**** Data to use ****
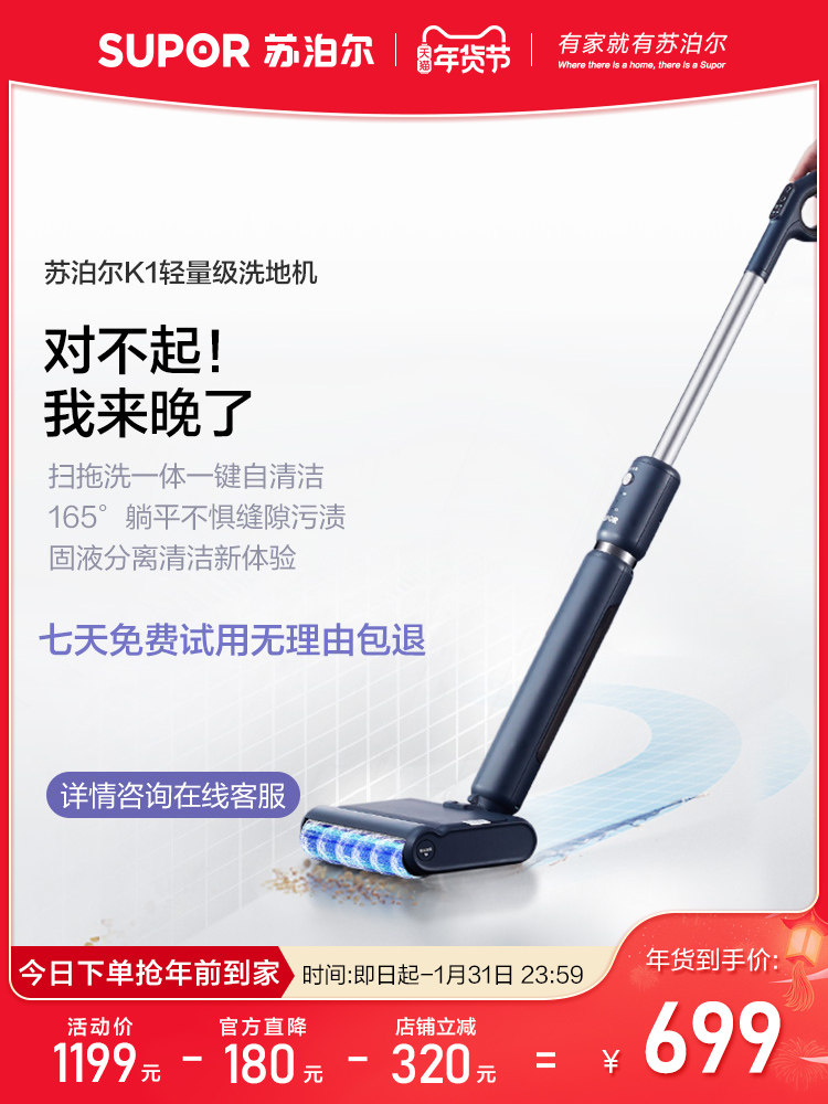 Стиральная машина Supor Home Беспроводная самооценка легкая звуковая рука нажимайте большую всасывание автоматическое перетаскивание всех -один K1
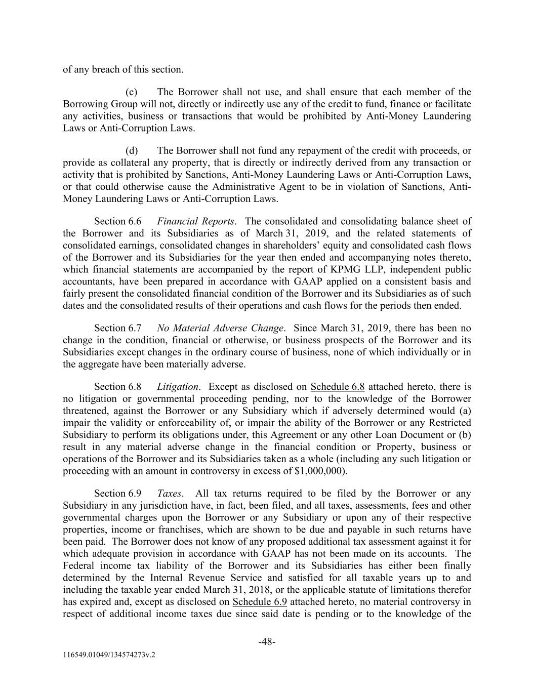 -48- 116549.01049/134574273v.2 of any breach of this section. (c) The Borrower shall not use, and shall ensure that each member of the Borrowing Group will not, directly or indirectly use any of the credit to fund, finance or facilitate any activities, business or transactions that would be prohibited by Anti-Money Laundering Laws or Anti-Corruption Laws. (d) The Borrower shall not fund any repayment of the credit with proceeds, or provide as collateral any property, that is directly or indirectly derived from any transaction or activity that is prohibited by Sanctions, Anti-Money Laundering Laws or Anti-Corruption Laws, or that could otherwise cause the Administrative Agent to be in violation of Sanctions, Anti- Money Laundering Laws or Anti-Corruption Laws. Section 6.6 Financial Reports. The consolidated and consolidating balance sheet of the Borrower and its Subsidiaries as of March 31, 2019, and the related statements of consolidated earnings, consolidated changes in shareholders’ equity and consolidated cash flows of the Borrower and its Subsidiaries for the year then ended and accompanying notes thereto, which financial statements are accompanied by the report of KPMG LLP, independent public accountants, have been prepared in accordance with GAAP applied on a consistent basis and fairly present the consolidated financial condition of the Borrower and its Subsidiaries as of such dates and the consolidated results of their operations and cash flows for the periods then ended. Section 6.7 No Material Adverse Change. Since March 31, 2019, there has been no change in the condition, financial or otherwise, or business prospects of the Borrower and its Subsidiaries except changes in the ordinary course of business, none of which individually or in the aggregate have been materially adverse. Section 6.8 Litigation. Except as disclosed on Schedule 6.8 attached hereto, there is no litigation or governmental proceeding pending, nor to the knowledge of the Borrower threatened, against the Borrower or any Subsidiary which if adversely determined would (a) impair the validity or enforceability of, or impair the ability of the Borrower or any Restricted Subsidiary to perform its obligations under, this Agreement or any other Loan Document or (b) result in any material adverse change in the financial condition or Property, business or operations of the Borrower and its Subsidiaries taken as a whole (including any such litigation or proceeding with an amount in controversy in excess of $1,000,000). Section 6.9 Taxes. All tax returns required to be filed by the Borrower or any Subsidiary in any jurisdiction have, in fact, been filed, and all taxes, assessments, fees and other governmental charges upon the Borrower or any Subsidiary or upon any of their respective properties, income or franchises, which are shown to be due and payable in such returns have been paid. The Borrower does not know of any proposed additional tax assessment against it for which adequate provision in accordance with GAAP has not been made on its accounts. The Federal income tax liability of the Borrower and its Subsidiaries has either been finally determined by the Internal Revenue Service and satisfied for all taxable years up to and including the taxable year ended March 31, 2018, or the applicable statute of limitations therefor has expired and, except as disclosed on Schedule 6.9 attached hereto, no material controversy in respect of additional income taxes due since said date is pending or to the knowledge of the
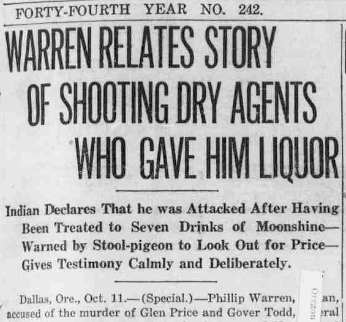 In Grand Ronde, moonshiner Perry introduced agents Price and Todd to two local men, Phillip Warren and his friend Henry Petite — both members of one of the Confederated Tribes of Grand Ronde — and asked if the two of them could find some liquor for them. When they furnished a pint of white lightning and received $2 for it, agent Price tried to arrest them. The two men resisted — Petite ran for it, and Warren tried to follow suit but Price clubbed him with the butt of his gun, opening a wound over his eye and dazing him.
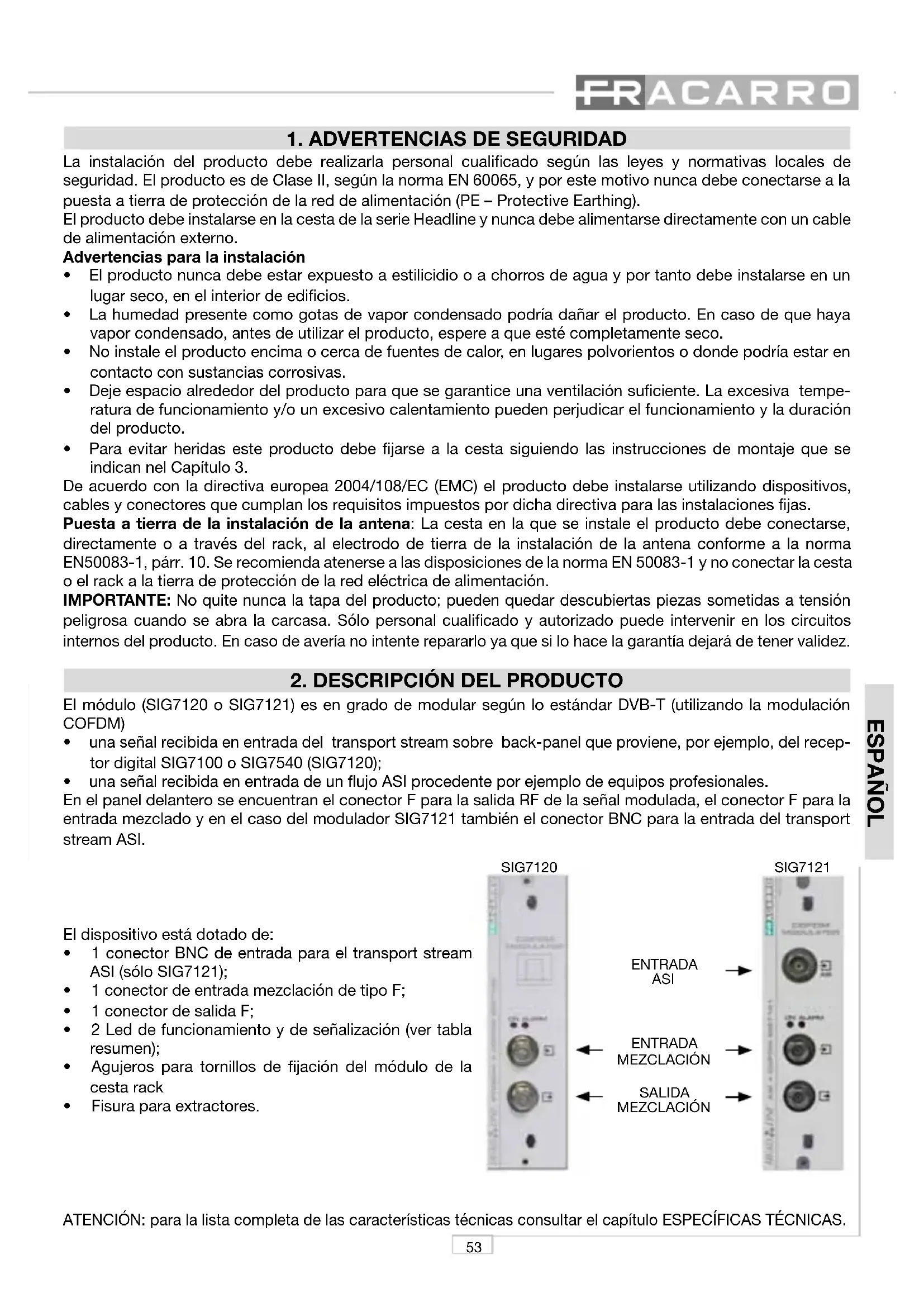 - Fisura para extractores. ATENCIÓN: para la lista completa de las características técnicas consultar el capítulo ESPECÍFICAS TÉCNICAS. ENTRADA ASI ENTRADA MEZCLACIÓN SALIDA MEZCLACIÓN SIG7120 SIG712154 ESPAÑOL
****
**** Data to use ****
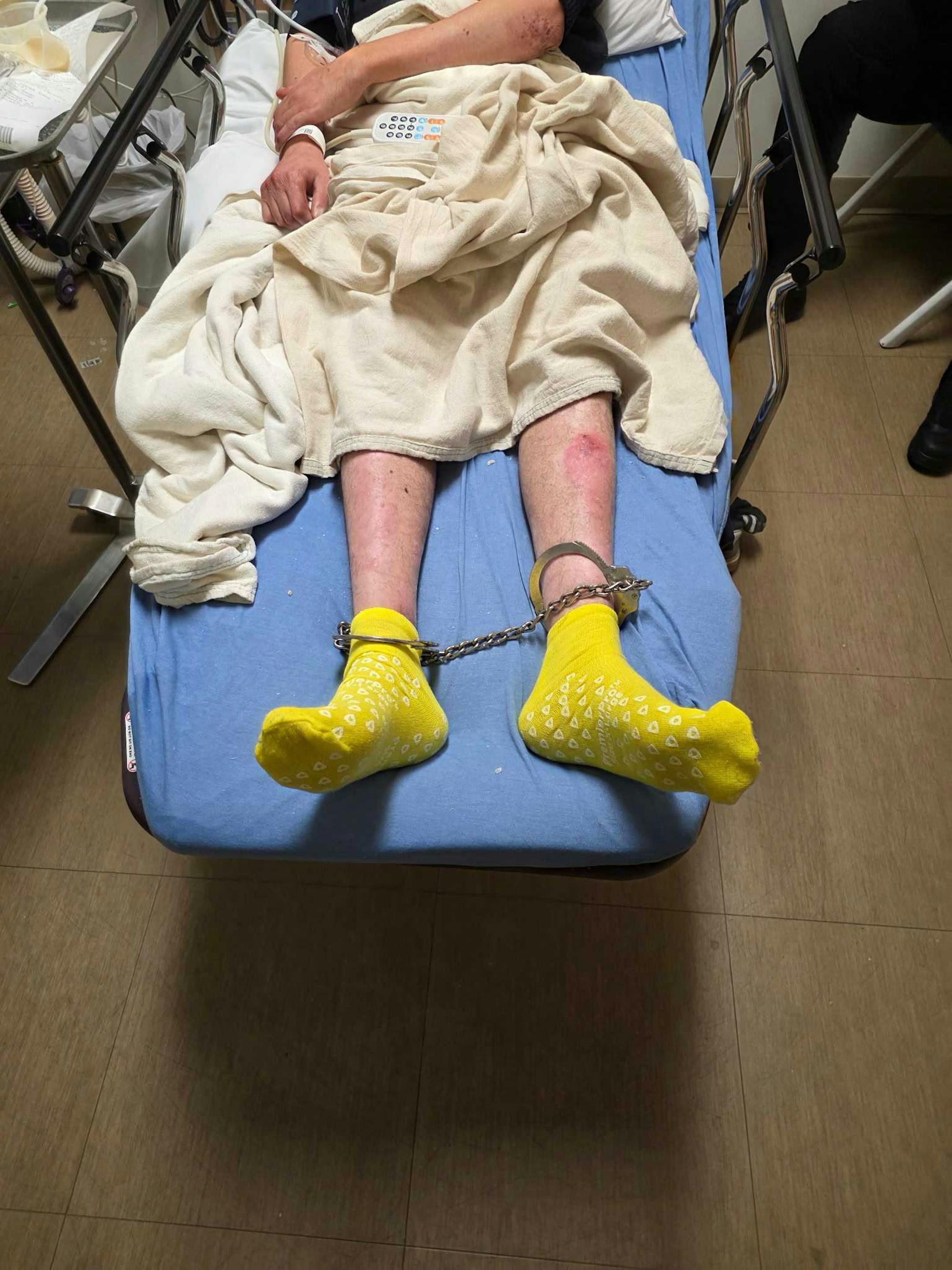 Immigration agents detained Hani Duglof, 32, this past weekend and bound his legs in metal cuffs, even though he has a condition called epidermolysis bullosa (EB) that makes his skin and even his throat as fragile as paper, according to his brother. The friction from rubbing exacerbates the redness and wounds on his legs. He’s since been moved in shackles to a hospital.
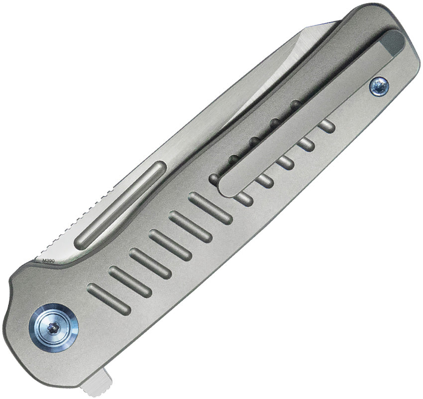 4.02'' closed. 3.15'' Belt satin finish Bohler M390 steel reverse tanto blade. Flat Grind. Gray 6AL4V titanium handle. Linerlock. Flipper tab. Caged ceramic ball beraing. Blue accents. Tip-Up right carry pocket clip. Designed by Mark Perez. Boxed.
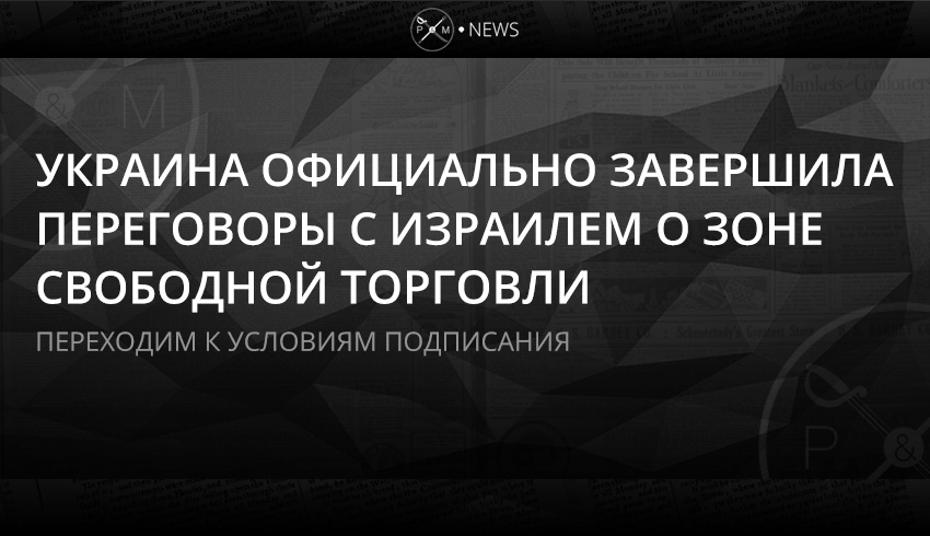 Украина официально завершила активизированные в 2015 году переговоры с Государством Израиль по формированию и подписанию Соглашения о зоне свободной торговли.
****
- [Instructions to follow]: From the material above, output only the span of lines that starts at the one containing "4.02'' closed. 3.15''" and finishes at the one containing "Украина официально завершила", word for word and free of pictures.

- [Exercise solution]:
 4.02'' closed. 3.15'' Belt satin finish Bohler M390 steel reverse tanto blade. Flat Grind. Gray 6AL4V titanium handle. Linerlock. Flipper tab. Caged ceramic ball beraing. Blue accents. Tip-Up right carry pocket clip. Designed by Mark Perez. Boxed.
 Украина официально завершила активизированные в 2015 году переговоры с Государством Израиль по формированию и подписанию Соглашения о зоне свободной торговли.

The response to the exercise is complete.